- _EXERCISE DETAILS_:
Reproduce all the records word for word. Omit images.

Extracted data entries
· · ·
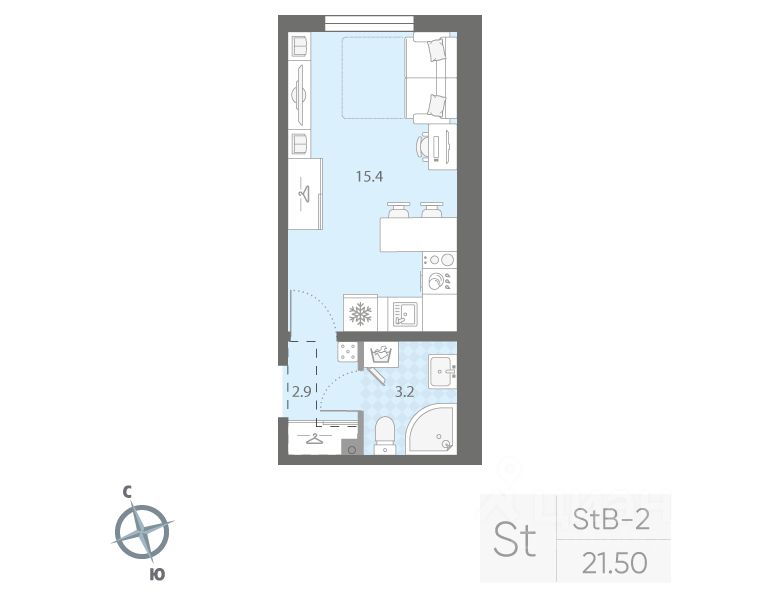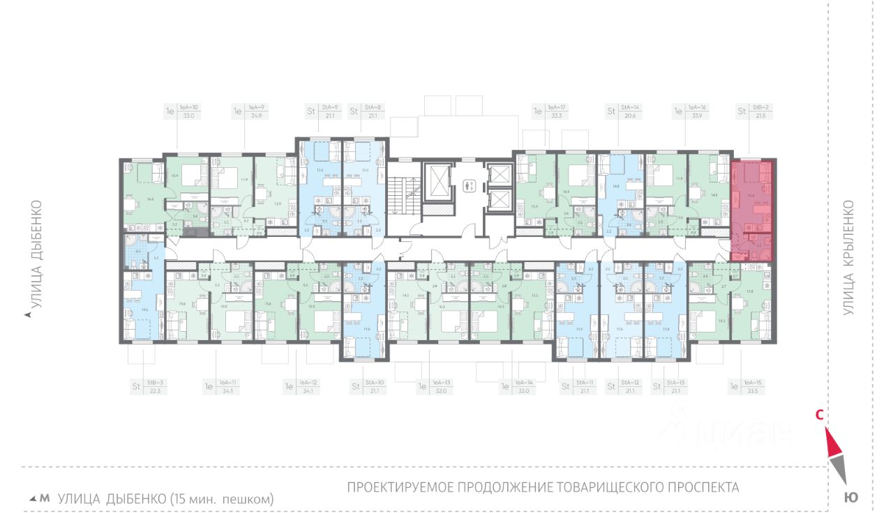 Продается студия в ЖК "Дыбенко Парк" на 2 этаже. Общая площадь составляет 21.50 кв. м. Квартира с чистовой отделкой. Жилой комплекс располагается по адресу Санкт-Петербург, проспект Товарищеский.
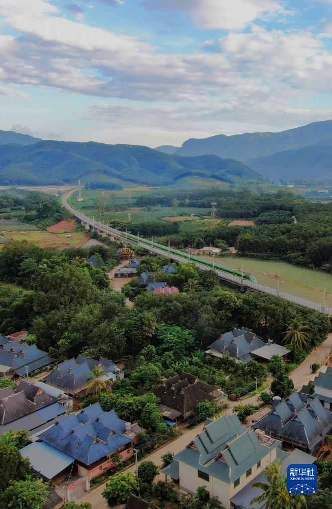 10月18日,在云南省景洪市勐罕鎮,中老鐵路上的動(dòng)車(chē)從傣族村寨旁駛過(guò)(無(wú)人機照片)。
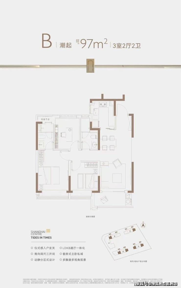 在格局上,户型三开间朝南+动静分离,室内通风、私密性俱佳。
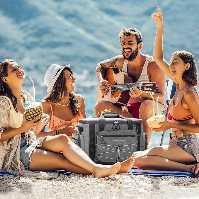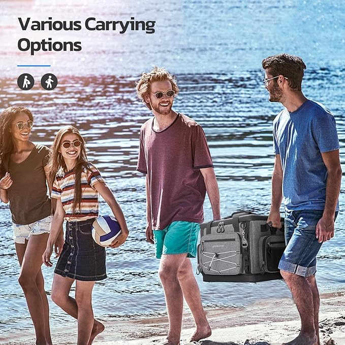 - Convenient and Portable: With the unique Velcro opening design, you can easily access to your drinks without opening the zipper. Detachable and adjustable straps, comfortable top handle allow you to hold Maelstrom leakproof cooler bag by hand or shoulder. You can also carry the large ice chest with your friends together with 2 side handles.This portable can cooler can be widely used when you go camping/hiking/Grocery Shopping/Kayaking/Road Trips.
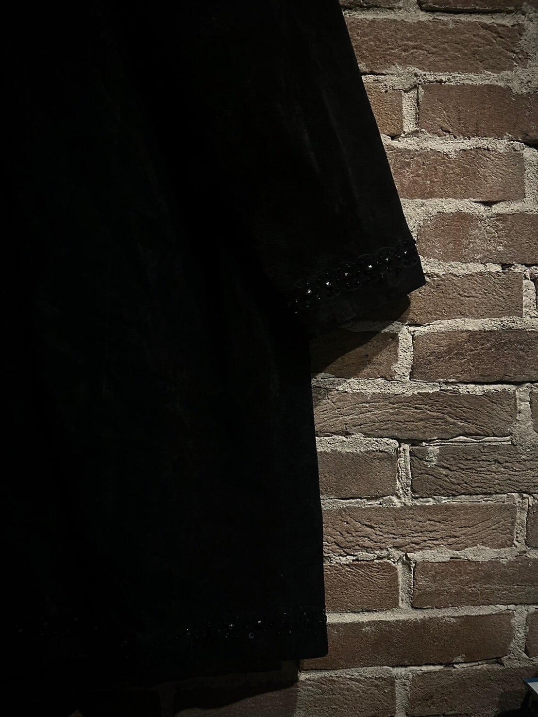 マットな質感のスエードにビジューの煌びやかな光沢がマッチした、モードかつラグジュアリーな雰囲気漂う仕上がりに。
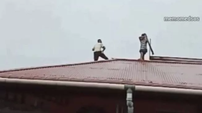 Dalam rekaman tersebut, pria itu tampak berpindah-pindah di atas genteng rumah warga. Ketika petugas mencoba mendekat, ia terlihat panik hingga akhirnya terperosok dan membuat bagian atap rumah jebol. Di bawah rumah, warga terlihat bersiaga untuk menangkap pria tersebut apabila terjatuh. Peristiwa itu sontak mengundang perhatian warga sekitar dan membuat situasi menjadi heboh.
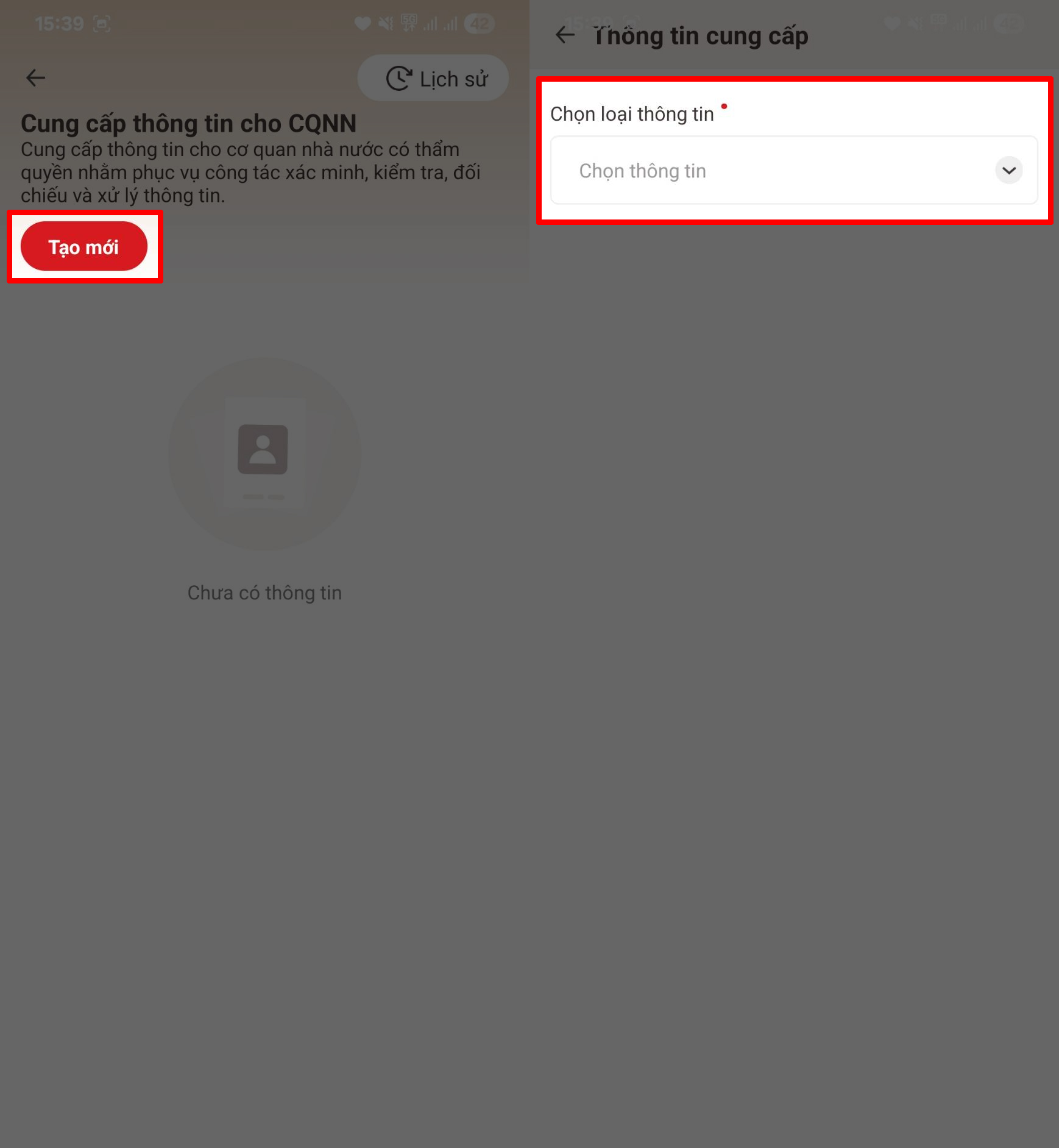Bước 2: Tạo mới yêu cầu cung cấp thông tin > Chọn loại thông tin mà bạn muốn gửi đến cơ quan chức năng.
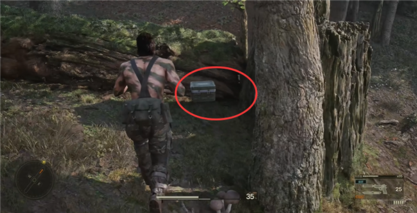 2、这里有让玩家去拿回自己的背包,先去左右两侧搜刮下物资,然后再回到中间,到树干对面去。
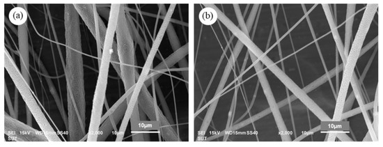 SEM images of PLA/1DP-n composite fibers with applied high voltage at 25 and 30 kV are shown in Figure 12. The continuous PLA/1DP-n composite fibers with rough surfaces without the formation of beads were successfully fabricated. The average diameter of the fibers obtained from the high voltage of 25 and 30 kV is 3.83 ± 1.09 and 2.62 ± 0.35 µm, respectively. The fiber diameter from 30 kV high voltage shows a slightly smaller fiber diameter than that from 25 kV. The increase in the applied voltage leads to the stretching of the polymer chains in correlation with the charge repulsion within the polymer jet [55].
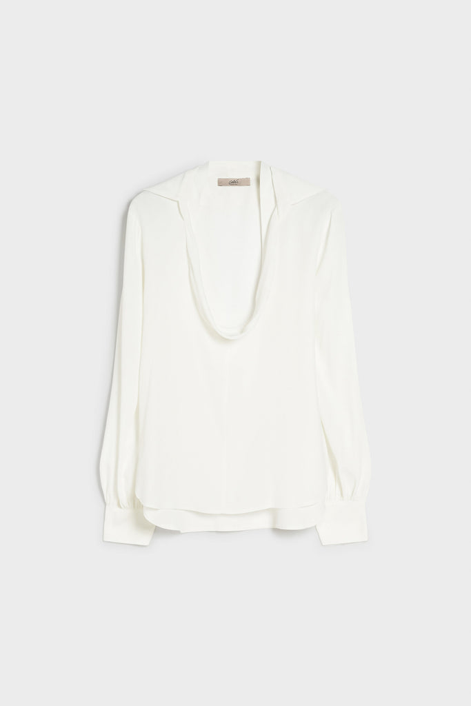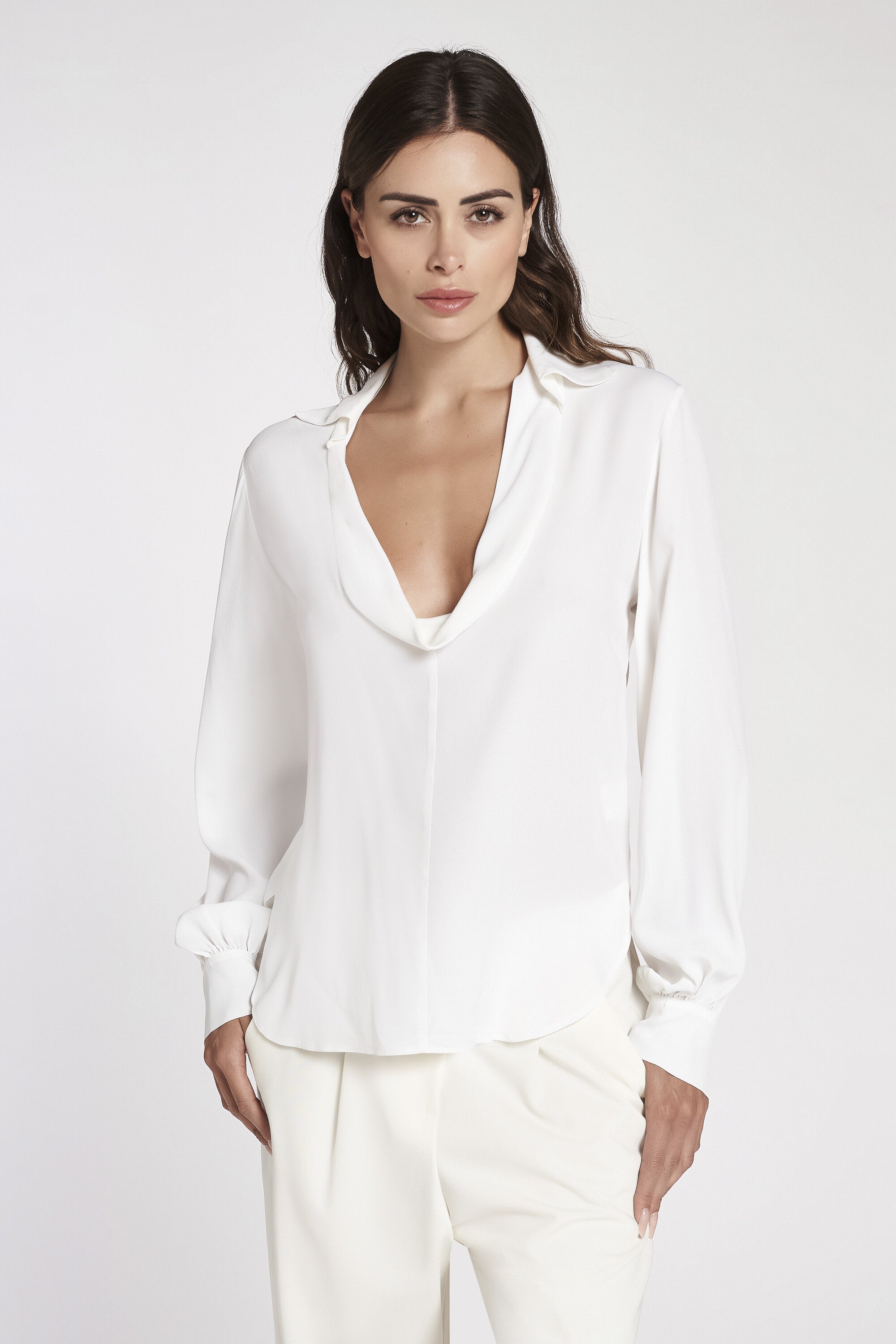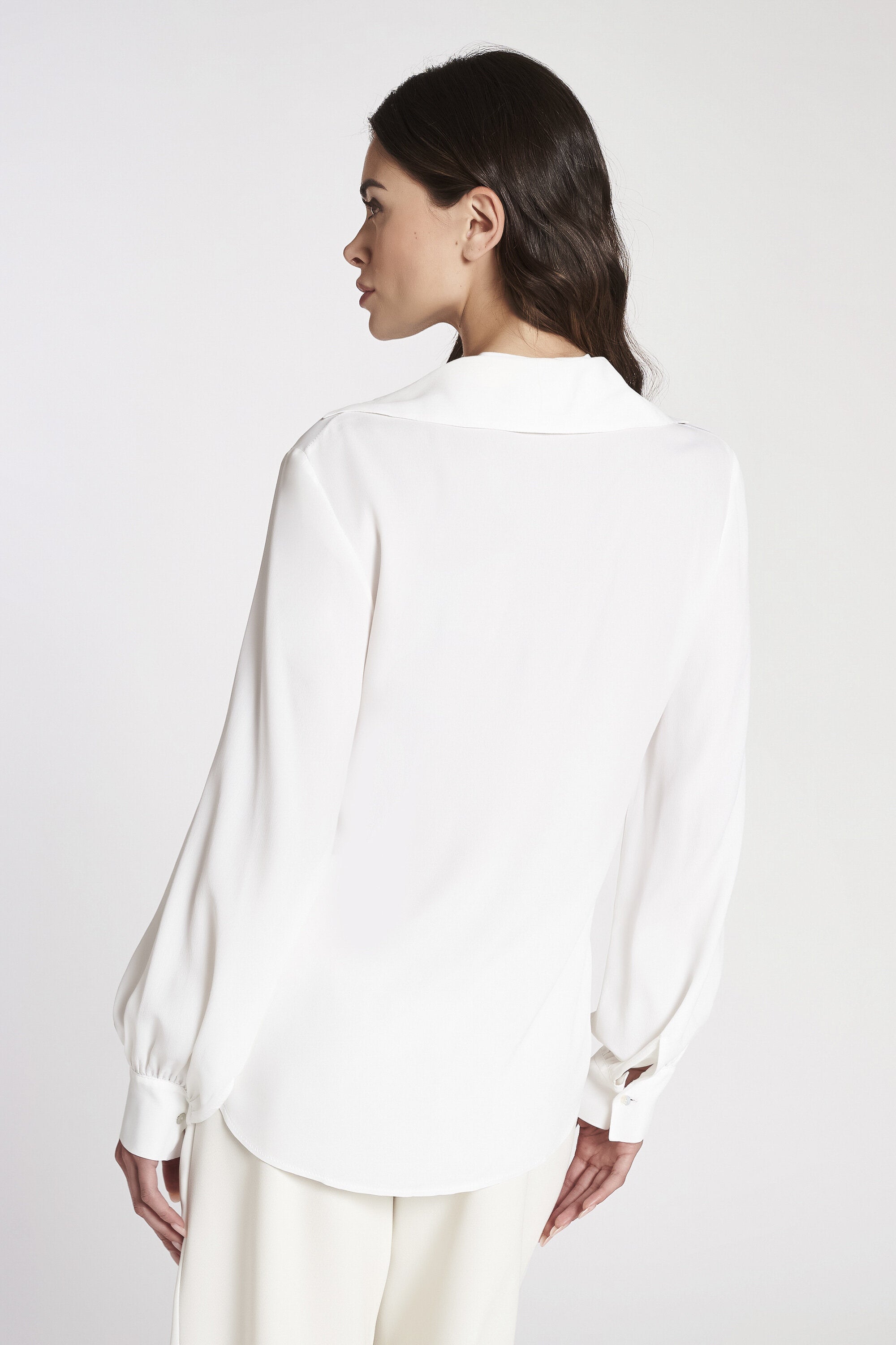 Camicia a maniche lunghe in crepe de chine. Doppio collo, classico e ad anello. Polsini chiusi da bottoni in madreperla. Fondo davanti più corto, lunghezza sotto i fianchi
· · ·
- _ANSWER TO THIS PROBLEM_:
 Продается студия в ЖК "Дыбенко Парк" на 2 этаже. Общая площадь составляет 21.50 кв. м. Квартира с чистовой отделкой. Жилой комплекс располагается по адресу Санкт-Петербург, проспект Товарищеский.
 10月18日,在云南省景洪市勐罕鎮,中老鐵路上的動(dòng)車(chē)從傣族村寨旁駛過(guò)(無(wú)人機照片)。
 在格局上,户型三开间朝南+动静分离,室内通风、私密性俱佳。
 - Convenient and Portable: With the unique Velcro opening design, you can easily access to your drinks without opening the zipper. Detachable and adjustable straps, comfortable top handle allow you to hold Maelstrom leakproof cooler bag by hand or shoulder. You can also carry the large ice chest with your friends together with 2 side handles.This portable can cooler can be widely used when you go camping/hiking/Grocery Shopping/Kayaking/Road Trips.
 マットな質感のスエードにビジューの煌びやかな光沢がマッチした、モードかつラグジュアリーな雰囲気漂う仕上がりに。
 Dalam rekaman tersebut, pria itu tampak berpindah-pindah di atas genteng rumah warga. Ketika petugas mencoba mendekat, ia terlihat panik hingga akhirnya terperosok dan membuat bagian atap rumah jebol. Di bawah rumah, warga terlihat bersiaga untuk menangkap pria tersebut apabila terjatuh. Peristiwa itu sontak mengundang perhatian warga sekitar dan membuat situasi menjadi heboh.
Bước 2: Tạo mới yêu cầu cung cấp thông tin > Chọn loại thông tin mà bạn muốn gửi đến cơ quan chức năng.
 2、这里有让玩家去拿回自己的背包,先去左右两侧搜刮下物资,然后再回到中间,到树干对面去。
 SEM images of PLA/1DP-n composite fibers with applied high voltage at 25 and 30 kV are shown in Figure 12. The continuous PLA/1DP-n composite fibers with rough surfaces without the formation of beads were successfully fabricated. The average diameter of the fibers obtained from the high voltage of 25 and 30 kV is 3.83 ± 1.09 and 2.62 ± 0.35 µm, respectively. The fiber diameter from 30 kV high voltage shows a slightly smaller fiber diameter than that from 25 kV. The increase in the applied voltage leads to the stretching of the polymer chains in correlation with the charge repulsion within the polymer jet [55].
 Camicia a maniche lunghe in crepe de chine. Doppio collo, classico e ad anello. Polsini chiusi da bottoni in madreperla. Fondo davanti più corto, lunghezza sotto i fianchi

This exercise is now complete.